GIVEN INFORMATION:
■ ■ ■
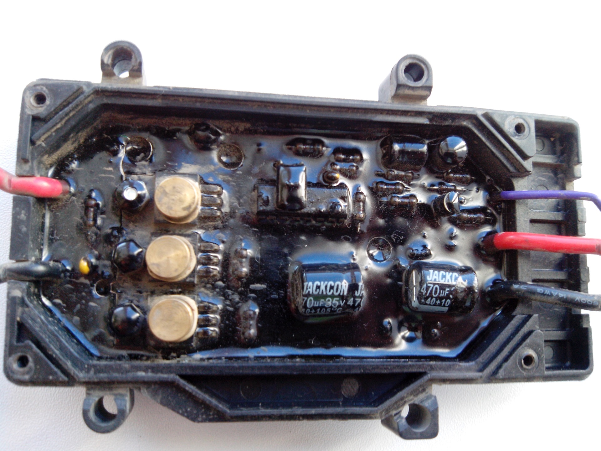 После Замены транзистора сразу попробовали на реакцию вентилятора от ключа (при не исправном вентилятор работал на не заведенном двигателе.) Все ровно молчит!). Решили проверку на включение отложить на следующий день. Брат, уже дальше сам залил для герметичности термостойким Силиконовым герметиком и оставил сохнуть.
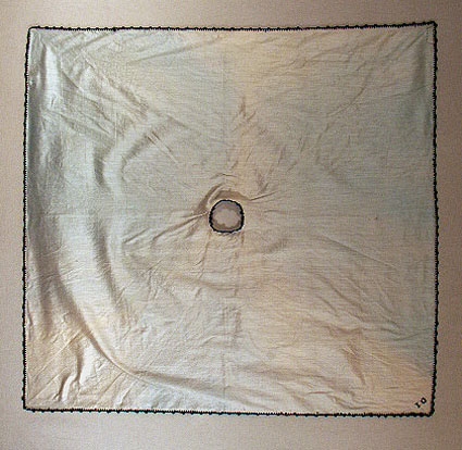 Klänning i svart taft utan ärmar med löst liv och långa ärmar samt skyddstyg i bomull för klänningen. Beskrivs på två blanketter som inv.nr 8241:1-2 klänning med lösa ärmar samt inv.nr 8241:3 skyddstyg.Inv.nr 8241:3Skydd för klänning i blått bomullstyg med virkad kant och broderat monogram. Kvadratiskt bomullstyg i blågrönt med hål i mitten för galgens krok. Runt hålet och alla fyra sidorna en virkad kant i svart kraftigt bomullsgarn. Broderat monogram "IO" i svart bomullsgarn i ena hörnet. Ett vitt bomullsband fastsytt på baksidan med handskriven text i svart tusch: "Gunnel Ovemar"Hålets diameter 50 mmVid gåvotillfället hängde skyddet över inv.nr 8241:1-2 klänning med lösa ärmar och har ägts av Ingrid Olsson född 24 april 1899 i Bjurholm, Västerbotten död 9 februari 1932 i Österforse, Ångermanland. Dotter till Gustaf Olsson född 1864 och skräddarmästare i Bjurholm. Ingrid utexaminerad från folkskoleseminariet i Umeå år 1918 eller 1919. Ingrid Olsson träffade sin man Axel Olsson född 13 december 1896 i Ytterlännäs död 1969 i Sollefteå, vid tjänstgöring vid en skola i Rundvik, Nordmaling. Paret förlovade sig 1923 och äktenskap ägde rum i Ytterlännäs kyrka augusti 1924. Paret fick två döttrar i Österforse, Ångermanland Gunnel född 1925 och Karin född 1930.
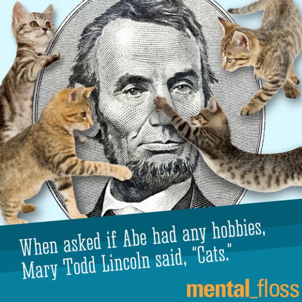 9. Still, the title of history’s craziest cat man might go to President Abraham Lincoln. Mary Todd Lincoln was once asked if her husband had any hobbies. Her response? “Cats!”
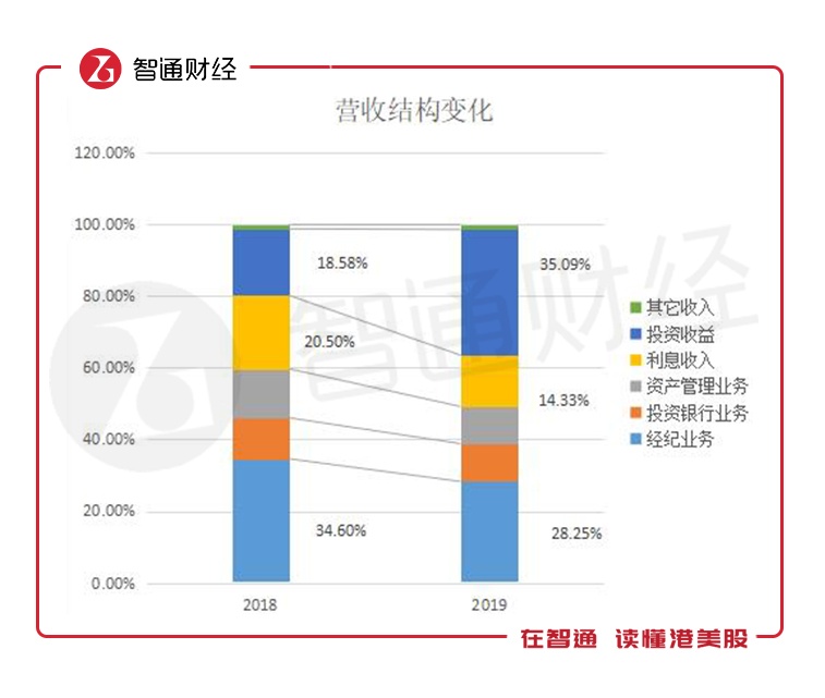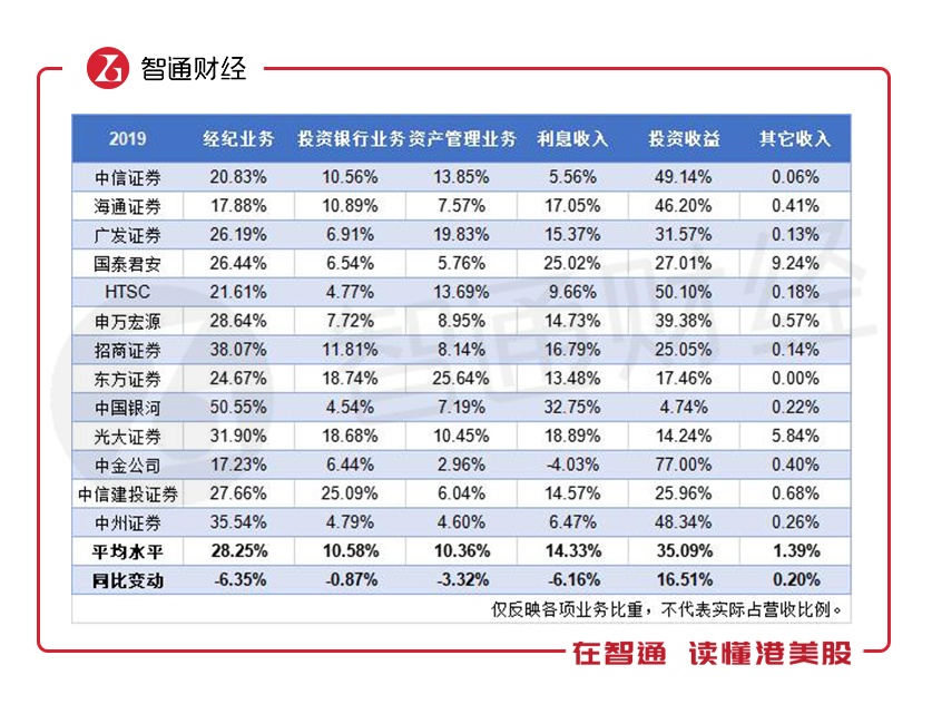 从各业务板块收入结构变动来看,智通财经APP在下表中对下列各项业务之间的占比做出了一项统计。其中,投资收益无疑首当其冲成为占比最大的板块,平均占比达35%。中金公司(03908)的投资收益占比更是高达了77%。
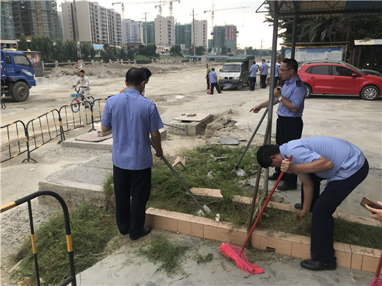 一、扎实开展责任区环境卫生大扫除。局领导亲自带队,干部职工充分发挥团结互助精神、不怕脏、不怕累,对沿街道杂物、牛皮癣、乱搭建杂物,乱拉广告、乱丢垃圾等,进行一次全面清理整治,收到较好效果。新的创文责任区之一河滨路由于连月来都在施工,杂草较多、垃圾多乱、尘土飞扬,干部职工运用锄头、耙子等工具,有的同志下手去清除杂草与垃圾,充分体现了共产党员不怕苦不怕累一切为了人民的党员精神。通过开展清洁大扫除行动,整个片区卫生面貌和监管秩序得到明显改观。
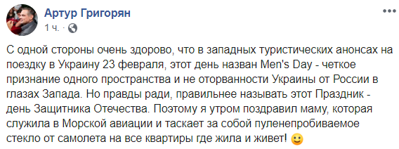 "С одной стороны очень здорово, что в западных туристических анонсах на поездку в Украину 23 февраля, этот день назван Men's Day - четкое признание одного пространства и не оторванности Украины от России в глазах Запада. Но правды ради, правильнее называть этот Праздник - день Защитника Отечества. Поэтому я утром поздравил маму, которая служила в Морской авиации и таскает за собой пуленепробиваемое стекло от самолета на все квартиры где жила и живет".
■ ■ ■
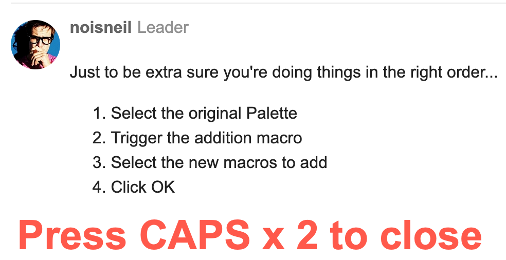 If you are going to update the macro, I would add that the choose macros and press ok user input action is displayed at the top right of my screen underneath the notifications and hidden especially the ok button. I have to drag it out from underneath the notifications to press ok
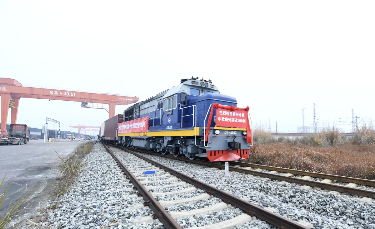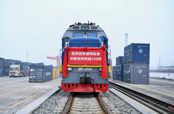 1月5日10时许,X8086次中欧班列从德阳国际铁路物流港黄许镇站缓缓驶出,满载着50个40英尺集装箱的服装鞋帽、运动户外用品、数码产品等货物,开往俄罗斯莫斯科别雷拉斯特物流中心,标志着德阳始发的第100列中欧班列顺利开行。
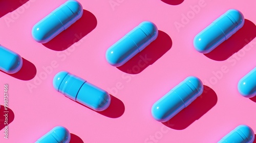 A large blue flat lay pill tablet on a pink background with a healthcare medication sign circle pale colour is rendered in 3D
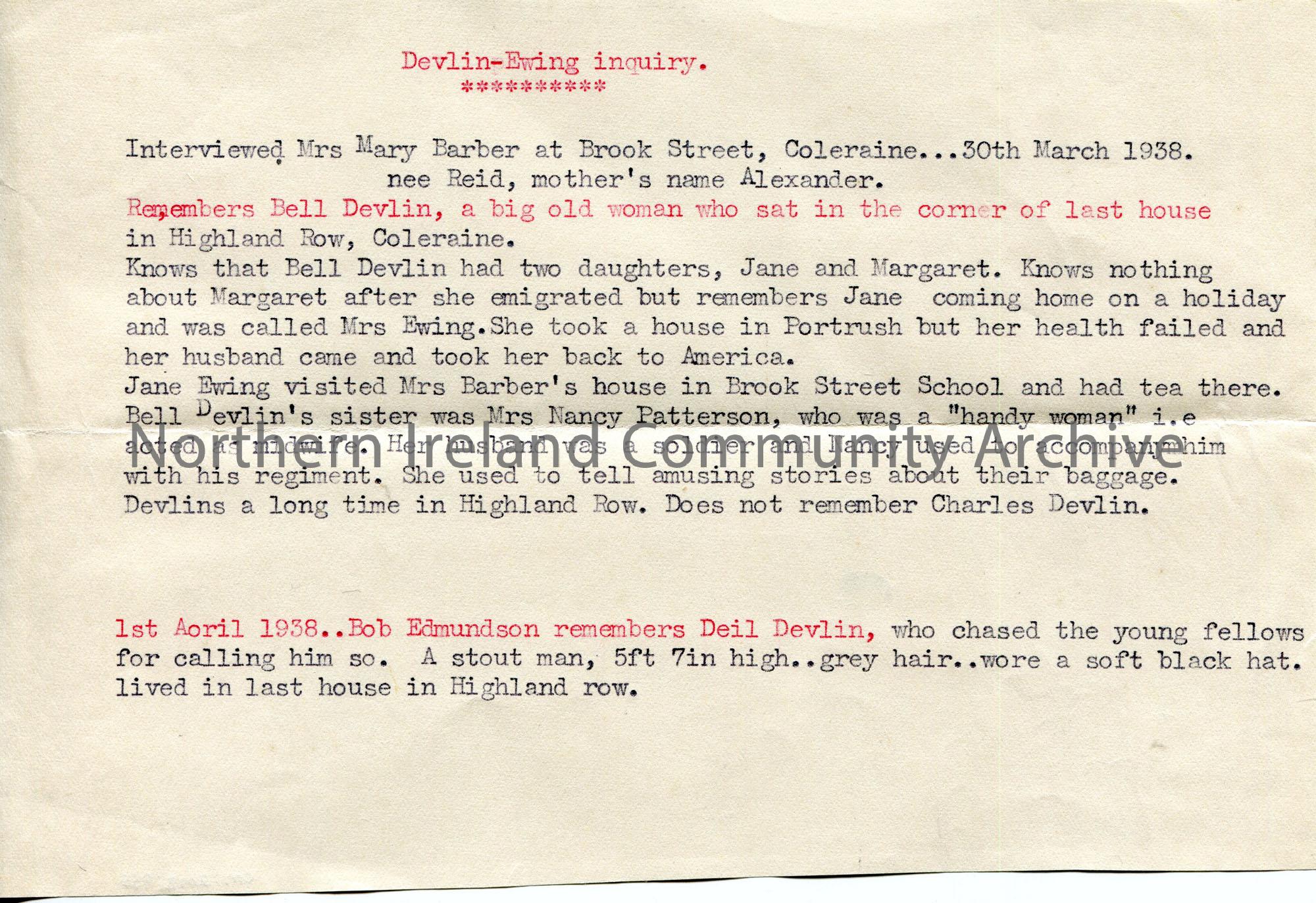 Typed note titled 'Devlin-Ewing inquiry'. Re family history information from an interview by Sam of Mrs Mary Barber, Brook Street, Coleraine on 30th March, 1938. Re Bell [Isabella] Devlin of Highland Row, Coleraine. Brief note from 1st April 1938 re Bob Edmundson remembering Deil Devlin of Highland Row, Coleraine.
■ ■ ■
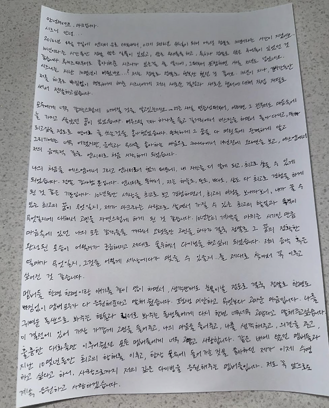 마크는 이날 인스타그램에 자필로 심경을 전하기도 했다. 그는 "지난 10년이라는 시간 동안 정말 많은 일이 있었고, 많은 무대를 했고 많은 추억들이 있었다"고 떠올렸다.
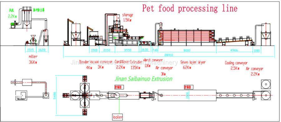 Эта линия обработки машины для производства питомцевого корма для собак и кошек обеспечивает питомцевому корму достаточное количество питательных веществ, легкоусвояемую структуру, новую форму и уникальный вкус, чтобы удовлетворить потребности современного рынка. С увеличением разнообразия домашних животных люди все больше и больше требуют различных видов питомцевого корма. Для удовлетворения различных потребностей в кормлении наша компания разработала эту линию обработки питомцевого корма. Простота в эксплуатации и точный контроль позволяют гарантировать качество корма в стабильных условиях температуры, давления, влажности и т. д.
■ ■ ■
Would you restate, exactly and with no pictures, the lines of the entries above from the one containing "A large blue" through the one containing "Typed note titled"?

 A large blue flat lay pill tablet on a pink background with a healthcare medication sign circle pale colour is rendered in 3D
 Typed note titled 'Devlin-Ewing inquiry'. Re family history information from an interview by Sam of Mrs Mary Barber, Brook Street, Coleraine on 30th March, 1938. Re Bell [Isabella] Devlin of Highland Row, Coleraine. Brief note from 1st April 1938 re Bob Edmundson remembering Deil Devlin of Highland Row, Coleraine.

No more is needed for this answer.